Efek samping serius dari vaksin dapat terjadi tetapi sangat jarang, sehingga tidak dapat dideteksi diantara orang-orang pertama yang divaksinasi. Namun, sistem pengawasan tersedia untuk memastikan bahwa efek samping serius dan jarang tersebut dapat dilaporkan ke otoritas kesehatan masyarakat maupun produsen vaksin.
Vaksin COVID-19 AstraZeneca
Vaksinasi terhadap COVID-19 tidak akan mengurangi penyakit atau kematian yang diakibatkan hal lain. Dalam kampanye vaksinasi secara luas, secara rutin negara akan memberikan informasi potensi efek samping pasca imunisasi. Pemerintah secara teratur akan terus berhubungan dengan produsen vaksin, untuk mengetahui info keamanan vaksin COVID-19 terbaru. Perihal vaksin AstraZeneca, data menunjukan bahwa manfaat vaksin ini lebih besar daripada resikonya, dan direkomendasikan untuk melanjutkan vaksinasi menggunakan vaksin tersebut.

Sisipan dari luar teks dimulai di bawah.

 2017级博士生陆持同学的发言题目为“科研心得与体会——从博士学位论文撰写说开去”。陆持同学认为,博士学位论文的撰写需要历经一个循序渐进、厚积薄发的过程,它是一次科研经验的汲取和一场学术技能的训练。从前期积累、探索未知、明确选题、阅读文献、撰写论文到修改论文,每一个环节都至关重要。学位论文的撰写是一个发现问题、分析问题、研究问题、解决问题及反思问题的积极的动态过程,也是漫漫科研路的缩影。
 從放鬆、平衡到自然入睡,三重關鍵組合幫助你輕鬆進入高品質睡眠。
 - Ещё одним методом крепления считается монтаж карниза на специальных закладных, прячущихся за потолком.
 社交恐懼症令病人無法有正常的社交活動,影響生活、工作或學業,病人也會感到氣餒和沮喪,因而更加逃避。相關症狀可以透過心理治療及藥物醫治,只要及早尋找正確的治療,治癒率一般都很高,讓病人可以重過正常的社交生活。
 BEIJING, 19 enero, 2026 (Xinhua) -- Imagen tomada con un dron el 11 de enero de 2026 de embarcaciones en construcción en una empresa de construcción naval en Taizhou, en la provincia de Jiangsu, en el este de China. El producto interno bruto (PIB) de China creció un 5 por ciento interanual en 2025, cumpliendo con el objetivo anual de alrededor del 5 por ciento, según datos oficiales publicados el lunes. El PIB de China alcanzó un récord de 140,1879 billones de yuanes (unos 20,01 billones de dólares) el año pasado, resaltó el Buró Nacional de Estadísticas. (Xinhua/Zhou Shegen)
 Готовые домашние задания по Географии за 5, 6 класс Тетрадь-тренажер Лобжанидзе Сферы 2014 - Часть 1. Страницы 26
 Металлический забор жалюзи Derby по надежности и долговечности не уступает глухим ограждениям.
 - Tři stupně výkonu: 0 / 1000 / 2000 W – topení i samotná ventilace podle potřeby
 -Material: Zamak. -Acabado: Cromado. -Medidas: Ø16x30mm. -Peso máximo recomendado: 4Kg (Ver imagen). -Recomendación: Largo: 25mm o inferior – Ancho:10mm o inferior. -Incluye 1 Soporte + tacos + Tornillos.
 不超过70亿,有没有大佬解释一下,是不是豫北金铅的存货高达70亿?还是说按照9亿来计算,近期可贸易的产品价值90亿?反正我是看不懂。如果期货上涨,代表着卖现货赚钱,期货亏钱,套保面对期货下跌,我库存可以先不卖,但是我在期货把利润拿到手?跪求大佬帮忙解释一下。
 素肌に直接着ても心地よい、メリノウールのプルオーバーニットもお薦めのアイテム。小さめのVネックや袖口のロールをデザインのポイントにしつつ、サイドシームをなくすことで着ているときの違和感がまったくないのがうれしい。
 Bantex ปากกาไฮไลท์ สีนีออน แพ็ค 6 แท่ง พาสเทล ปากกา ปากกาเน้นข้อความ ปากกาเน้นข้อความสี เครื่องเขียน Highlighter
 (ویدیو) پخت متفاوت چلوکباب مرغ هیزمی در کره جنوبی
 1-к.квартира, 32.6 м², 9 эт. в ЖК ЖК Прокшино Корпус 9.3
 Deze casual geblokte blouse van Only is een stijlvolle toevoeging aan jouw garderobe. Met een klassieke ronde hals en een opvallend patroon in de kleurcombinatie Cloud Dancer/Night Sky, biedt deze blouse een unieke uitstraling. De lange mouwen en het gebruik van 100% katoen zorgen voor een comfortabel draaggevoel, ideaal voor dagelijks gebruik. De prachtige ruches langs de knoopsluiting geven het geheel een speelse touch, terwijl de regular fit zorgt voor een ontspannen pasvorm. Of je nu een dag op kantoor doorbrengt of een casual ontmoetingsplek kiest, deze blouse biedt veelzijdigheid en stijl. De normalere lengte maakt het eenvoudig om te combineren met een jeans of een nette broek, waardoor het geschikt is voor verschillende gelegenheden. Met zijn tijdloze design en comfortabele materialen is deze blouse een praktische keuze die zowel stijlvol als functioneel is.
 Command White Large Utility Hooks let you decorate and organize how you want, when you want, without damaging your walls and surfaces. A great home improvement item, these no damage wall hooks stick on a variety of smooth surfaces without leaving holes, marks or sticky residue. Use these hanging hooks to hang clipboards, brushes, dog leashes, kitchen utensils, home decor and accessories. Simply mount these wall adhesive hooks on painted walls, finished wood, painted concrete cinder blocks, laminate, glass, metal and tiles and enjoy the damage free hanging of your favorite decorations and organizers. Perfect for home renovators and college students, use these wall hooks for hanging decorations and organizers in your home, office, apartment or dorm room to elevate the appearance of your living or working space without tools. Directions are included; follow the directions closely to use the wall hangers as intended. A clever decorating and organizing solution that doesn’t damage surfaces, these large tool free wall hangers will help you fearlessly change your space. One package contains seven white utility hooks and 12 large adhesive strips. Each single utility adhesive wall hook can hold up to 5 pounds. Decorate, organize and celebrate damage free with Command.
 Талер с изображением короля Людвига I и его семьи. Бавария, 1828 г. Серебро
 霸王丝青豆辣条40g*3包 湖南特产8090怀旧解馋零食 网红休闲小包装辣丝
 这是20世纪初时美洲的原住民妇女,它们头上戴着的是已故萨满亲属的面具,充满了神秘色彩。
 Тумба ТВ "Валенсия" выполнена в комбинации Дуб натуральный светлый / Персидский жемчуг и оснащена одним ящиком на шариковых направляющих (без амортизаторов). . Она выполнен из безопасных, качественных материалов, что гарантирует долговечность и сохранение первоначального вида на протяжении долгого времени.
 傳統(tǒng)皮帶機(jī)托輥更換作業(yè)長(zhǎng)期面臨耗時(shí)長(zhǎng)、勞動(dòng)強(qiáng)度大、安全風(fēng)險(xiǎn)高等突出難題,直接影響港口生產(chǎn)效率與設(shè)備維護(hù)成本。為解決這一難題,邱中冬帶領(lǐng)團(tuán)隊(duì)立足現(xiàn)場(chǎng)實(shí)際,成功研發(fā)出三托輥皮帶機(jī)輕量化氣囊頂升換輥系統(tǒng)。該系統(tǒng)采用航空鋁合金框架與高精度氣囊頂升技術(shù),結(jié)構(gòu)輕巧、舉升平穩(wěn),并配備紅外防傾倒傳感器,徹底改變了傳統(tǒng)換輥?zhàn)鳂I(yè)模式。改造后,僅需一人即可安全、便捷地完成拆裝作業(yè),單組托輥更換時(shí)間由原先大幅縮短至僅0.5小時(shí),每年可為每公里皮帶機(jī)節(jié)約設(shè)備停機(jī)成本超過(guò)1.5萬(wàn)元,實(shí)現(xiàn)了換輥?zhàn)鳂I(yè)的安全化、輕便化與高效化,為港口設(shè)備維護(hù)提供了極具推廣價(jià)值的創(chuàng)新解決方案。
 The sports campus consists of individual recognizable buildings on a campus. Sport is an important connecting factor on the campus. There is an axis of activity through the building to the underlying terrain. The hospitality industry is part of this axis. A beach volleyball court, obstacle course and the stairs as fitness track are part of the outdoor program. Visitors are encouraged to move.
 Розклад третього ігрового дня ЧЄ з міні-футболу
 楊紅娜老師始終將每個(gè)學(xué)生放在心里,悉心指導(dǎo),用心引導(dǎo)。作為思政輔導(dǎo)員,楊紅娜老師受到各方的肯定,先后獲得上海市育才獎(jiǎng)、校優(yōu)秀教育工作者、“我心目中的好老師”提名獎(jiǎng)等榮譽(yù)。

Haruskah orang hidup dengan HIV divaksinasi? Dan haruskah menjadi prioritas?
Untuk orang hidup dengan HIV, vaksin COVID-19 membawa manfaat yang sama baiknya secara individu maupun komunitas (Mengurangi tingkat keparahan dan penyebaran penularan SARS-CoV-2).
Advokasi dibutuhkan sehingga tidak ada yang tertinggal, dan program vaksinasi nasional tidak mengecualikan orang-orang dari populasi kunci yang mungkin memiliki akses terbatas terhadap fasilitas kesehatan. Berdasarkan data terkini menunjukan bahwa orang dengan HIV, terlepas dari jumlah CD4 mereka, berada pada peningkatan resiko lebih parah dan kematian karena COVID-19 dibandingkan orang lain. Orang hidup dengan HIV harus dijadikan kelompok prioritas dalam kebijakan vaksinasi COVID-19 nasional.
Sampai tingkat penularan virus rendah dimasyarakat, orang-orang harus terus melakukan tindakan pencegahan virus SARS-CoV-2 (Jaga jarak, Rajin mencuci tangan dan memakai masker) bahkan setelah di vaksinasi.
Orang hidup dengan HIV harus tetap mempertahankan kepatuhan minum ARV, yang tidak hanya mempertahankan kesehatan tetapi juga mencegah penularan HIV berkelanjutan.